Scan the material and copy every line in which "circular" appears.

►

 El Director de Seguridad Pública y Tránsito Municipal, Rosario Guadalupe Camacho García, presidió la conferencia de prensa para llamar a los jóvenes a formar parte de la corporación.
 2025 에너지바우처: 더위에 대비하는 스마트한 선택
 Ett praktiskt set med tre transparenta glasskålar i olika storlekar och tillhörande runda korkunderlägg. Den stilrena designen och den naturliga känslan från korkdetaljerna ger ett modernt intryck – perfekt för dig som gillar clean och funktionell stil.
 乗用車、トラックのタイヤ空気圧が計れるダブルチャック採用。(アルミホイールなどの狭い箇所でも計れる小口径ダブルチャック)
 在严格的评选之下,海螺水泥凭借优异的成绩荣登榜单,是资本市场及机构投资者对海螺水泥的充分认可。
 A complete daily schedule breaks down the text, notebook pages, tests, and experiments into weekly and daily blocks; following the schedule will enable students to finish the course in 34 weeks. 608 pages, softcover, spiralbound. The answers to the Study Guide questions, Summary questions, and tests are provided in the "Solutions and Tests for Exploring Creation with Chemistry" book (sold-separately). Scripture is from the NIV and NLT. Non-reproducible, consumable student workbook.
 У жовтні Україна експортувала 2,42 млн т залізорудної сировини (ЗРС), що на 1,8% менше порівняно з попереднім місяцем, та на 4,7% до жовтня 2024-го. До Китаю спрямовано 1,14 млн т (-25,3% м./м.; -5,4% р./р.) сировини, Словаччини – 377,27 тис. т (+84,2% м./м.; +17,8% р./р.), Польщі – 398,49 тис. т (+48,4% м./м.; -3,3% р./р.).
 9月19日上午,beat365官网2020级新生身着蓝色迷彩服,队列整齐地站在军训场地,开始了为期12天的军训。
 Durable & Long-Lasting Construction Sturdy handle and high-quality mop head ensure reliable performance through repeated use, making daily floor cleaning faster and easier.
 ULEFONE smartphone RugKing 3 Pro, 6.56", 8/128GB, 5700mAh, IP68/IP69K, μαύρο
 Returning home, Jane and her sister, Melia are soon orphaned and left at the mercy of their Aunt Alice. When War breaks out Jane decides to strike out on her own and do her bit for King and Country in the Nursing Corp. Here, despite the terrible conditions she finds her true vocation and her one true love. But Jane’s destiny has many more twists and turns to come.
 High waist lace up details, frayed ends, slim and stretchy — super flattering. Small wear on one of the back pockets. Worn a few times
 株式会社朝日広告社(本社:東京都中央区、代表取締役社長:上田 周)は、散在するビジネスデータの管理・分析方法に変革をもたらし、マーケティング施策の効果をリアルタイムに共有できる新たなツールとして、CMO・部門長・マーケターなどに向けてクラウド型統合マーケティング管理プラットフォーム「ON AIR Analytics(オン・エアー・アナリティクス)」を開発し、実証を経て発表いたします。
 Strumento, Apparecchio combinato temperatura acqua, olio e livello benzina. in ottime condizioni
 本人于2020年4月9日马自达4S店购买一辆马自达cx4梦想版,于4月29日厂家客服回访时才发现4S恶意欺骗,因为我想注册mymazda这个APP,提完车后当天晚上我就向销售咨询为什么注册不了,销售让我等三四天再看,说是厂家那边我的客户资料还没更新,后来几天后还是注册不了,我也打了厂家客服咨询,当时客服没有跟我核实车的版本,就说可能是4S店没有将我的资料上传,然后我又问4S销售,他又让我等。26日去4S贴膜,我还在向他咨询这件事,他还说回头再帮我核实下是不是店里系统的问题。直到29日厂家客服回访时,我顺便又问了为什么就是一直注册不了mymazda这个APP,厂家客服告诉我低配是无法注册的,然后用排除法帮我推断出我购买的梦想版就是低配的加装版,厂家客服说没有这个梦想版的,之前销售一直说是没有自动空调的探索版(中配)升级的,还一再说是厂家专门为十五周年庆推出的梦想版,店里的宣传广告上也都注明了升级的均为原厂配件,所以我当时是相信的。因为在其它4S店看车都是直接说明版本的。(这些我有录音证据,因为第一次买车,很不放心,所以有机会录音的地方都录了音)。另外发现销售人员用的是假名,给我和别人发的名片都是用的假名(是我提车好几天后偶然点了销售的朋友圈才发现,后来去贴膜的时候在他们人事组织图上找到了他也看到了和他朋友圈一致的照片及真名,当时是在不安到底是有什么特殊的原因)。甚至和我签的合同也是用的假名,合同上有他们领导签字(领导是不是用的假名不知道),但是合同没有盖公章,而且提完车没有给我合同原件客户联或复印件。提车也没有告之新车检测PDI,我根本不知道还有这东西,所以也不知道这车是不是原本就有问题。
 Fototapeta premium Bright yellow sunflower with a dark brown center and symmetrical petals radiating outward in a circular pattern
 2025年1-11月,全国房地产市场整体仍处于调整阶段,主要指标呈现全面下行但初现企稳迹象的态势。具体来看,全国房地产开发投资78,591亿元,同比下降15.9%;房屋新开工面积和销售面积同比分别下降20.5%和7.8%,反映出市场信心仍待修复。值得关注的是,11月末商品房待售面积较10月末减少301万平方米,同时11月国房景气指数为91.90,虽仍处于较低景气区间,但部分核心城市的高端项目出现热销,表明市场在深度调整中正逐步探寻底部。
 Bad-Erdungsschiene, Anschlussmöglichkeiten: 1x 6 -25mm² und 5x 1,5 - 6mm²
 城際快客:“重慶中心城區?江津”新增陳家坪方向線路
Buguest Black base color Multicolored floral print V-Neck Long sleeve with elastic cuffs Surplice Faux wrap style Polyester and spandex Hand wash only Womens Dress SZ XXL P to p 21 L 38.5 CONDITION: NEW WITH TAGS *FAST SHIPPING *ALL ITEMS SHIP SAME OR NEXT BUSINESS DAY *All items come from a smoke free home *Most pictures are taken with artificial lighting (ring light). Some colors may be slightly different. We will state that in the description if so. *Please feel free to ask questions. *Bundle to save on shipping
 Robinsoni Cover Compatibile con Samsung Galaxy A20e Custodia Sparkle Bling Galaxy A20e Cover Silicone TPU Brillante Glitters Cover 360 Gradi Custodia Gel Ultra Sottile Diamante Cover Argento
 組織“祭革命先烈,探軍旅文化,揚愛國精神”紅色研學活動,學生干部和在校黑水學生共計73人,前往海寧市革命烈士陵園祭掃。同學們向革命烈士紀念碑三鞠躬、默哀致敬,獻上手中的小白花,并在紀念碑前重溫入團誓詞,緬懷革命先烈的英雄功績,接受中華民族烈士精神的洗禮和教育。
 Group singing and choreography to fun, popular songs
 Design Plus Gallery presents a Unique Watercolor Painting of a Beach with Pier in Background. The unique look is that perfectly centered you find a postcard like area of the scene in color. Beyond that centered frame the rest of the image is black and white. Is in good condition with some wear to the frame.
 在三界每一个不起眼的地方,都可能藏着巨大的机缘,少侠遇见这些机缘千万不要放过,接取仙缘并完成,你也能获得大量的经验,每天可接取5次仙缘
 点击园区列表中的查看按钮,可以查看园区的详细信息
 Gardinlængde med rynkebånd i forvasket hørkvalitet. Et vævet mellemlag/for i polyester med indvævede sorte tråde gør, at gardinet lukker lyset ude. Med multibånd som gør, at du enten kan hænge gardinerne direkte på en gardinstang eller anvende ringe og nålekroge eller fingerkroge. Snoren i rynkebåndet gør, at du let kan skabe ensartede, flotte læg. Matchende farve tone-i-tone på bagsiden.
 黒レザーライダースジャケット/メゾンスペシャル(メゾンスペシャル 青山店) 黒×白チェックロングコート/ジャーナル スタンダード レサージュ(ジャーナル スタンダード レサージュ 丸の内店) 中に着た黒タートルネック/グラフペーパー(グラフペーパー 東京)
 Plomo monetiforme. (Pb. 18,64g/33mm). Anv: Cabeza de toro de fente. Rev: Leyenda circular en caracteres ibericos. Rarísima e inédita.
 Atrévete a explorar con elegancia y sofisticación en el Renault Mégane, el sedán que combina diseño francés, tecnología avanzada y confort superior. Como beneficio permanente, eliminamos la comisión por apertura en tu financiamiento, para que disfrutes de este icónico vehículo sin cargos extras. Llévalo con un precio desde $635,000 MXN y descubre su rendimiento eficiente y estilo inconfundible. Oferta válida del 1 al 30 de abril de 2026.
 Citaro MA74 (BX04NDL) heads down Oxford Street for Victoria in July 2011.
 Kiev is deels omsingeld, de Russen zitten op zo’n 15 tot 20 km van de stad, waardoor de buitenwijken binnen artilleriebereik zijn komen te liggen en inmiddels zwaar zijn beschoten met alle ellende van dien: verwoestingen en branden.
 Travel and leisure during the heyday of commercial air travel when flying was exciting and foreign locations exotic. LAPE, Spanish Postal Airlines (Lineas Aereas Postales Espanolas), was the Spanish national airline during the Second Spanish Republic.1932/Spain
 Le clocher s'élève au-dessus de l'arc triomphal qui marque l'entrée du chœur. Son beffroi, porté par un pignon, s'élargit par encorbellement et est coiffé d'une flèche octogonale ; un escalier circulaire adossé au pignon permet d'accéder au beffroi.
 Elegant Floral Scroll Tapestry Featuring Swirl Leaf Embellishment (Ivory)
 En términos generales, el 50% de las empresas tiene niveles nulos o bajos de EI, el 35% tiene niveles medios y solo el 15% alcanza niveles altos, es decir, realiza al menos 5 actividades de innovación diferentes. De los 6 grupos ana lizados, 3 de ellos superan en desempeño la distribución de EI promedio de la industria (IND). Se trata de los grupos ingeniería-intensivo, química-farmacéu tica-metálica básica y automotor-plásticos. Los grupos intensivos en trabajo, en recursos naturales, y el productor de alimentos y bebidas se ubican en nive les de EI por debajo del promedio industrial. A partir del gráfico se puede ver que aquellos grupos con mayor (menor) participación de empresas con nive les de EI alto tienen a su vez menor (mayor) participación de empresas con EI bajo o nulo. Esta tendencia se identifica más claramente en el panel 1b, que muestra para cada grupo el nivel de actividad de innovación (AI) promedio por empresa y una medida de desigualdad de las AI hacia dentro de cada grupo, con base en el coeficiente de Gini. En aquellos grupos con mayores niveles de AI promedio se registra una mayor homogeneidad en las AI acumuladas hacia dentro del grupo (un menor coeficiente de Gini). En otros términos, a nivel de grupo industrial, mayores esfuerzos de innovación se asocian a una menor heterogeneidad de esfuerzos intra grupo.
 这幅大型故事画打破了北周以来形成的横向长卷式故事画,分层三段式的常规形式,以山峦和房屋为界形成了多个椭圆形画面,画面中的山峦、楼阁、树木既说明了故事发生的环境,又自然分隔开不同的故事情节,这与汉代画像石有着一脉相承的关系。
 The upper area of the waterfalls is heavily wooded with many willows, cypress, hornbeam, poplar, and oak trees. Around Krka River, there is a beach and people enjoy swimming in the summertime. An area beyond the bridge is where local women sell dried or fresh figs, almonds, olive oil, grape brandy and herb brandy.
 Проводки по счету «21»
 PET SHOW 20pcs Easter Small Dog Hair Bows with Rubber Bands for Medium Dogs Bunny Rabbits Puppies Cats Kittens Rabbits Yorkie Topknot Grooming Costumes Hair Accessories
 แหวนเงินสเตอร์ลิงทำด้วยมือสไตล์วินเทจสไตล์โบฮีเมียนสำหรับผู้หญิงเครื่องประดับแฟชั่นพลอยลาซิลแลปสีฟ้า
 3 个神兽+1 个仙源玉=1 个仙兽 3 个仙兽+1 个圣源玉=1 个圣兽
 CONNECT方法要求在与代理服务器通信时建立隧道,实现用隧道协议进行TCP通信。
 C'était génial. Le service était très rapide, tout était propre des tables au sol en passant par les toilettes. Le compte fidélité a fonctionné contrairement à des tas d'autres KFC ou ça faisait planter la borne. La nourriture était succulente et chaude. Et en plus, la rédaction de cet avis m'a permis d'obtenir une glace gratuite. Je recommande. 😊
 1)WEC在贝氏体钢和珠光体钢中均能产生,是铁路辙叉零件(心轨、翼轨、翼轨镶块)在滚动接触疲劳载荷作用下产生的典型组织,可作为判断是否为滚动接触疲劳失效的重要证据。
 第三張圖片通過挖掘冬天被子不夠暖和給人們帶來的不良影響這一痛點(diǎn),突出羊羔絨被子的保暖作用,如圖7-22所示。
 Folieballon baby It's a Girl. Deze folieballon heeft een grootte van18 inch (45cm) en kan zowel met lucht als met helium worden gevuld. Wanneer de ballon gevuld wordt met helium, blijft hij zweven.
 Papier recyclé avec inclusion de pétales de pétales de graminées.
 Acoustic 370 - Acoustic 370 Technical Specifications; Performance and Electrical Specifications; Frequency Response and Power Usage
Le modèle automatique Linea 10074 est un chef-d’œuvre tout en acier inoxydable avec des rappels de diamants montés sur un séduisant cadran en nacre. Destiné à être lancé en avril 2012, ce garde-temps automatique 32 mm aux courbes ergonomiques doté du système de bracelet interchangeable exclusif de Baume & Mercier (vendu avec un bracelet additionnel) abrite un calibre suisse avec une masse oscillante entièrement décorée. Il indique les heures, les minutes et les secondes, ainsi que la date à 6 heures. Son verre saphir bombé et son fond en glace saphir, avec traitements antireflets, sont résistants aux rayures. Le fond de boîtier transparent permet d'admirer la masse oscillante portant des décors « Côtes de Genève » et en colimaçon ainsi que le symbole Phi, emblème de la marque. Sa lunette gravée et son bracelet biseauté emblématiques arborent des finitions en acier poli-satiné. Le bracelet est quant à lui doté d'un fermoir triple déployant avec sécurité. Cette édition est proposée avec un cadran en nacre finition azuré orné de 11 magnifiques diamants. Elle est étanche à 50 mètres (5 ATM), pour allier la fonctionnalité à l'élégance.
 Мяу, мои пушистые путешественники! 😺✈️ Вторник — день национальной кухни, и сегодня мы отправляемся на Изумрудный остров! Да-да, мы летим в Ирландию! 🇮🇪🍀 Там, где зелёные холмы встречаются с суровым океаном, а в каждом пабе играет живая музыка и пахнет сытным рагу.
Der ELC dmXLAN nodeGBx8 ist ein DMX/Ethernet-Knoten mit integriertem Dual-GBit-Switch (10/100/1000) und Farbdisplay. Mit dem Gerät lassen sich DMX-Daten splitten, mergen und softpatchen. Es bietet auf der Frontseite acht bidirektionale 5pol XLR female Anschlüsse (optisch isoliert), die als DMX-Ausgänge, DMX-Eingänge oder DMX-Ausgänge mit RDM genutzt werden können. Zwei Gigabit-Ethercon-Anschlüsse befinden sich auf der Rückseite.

◄

**Answer section:**
 Fototapeta premium Bright yellow sunflower with a dark brown center and symmetrical petals radiating outward in a circular pattern
 Plomo monetiforme. (Pb. 18,64g/33mm). Anv: Cabeza de toro de fente. Rev: Leyenda circular en caracteres ibericos. Rarísima e inédita.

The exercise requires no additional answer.